Angolo di campo: 34 - 12°

Schema ottico - luminosità: 12 lenti in 9 gruppi - f4

Diaframma a 9 lamelle

Diametro filtri: 55 mm

Minima distanza di messa a fuoco: 1mt mt (rapporto MACRO 1:4 a 210mm)

Anno di presentazione: 1984

Obiettivo prodotto da Minolta agli inizi degli anni '80 e costruito per Leica negli anni successivi come Leitz Vario Elmar R 70-210 4 (è il successore del MD Rokkor 75-200mm f4.5, anch'esso costruito per Leica come Vario Elmar R 75-200 4.5). Il rendimento ottico è ottimo (come del resto anche anche per la precedente versione) e la costruzione meccanica è tale da renderlo di fatto "perfetto". Indubbiamente si tratta di uno dei migliori tele zoom costruiti da Minolta per qualità ottica e sopratutto meccanica. Raggiunge la posizione Macro 1:3.9 a 210mm con distanza minima di fuoco di 1.1m. Il diaframma a 9 lamelle gli conferisce un buon rendimento del bokeh.
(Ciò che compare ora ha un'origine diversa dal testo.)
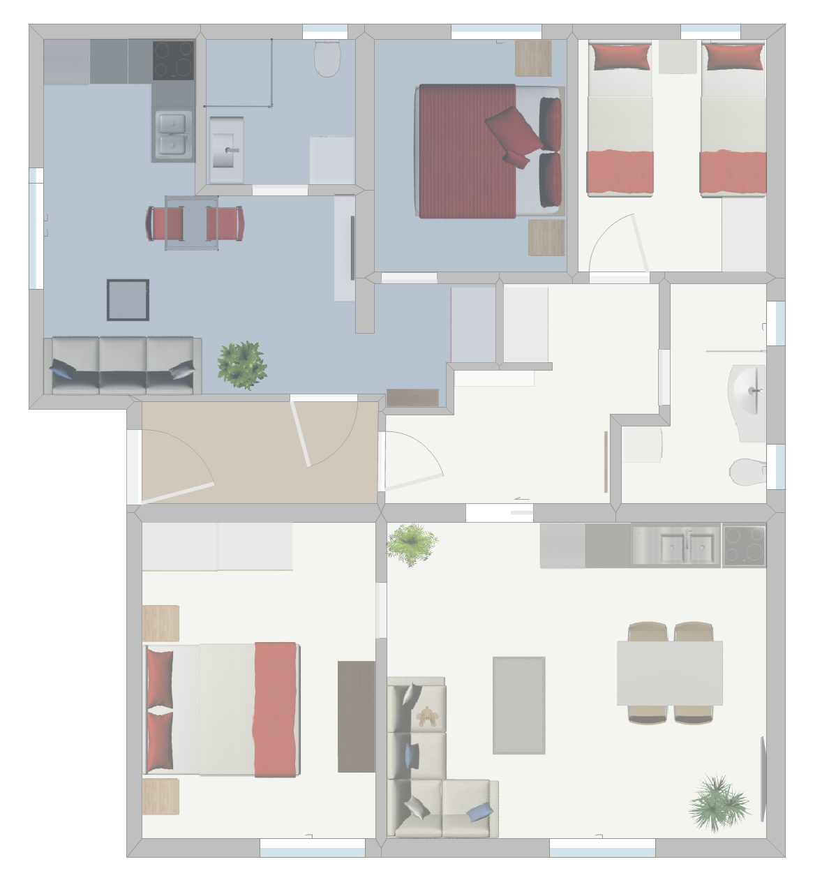 •  Fully equipped bathroom (shower, sink, toilet, washing machine)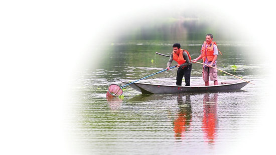 眉山天府新區(qū)北斗鎮(zhèn)石河村的志愿者打撈河面漂浮物。 彭雅靈 攝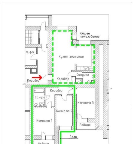 Холл с грузовым лифтом отсечен широкой двустворчатой металлической дверью. Есть выход на общий лестничный балкон и с него - на пожарную лестницу.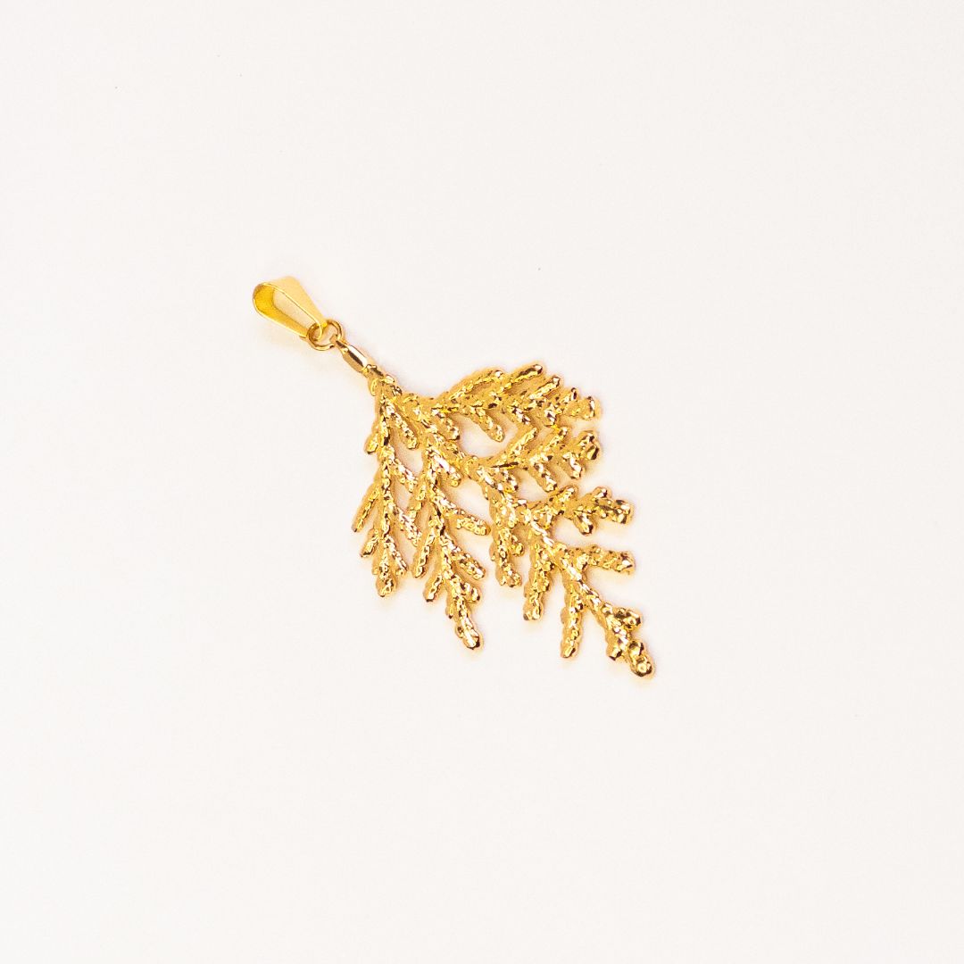 O Pingente Folha Tuia P captura a essência mais delicada da Tuia (Platycladus orientalis). Pequeno, poético e cheio de detalhes naturais, ele representa a sutileza da natureza traduzida em joia.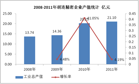 图表 23:2008-2011年胡连精密企业产值统计 亿元

Le prestazioni sono molto simili a quelle di un'ottica fissa con ottima resa cromatica, piacevole sfuocato, buon contrasto e nitidezza ( specie alle medie e brevi distanze). Sono state, invece, rilevate alcune aberrazioni cromatiche, specie alle maggiori aperture di diaframma. Altri difetti di questo obiettivo sono il peso e l'eccessivo ingombro.

E' stato riproposto nel sistema AF di Minolta (conosciuto anche sotto il nome "beercan"), nel 1985 circa, con identico schema ottico dell'MD.

The Minolta MD Zoom 70-210mm @ f11

(EOS 300D, 1/200sec, 100iso, UV filter).

The Minolta MD Zoom 70-210mm @ f5.6

(EOS 20D, 1/200sec, 100iso, UV filter).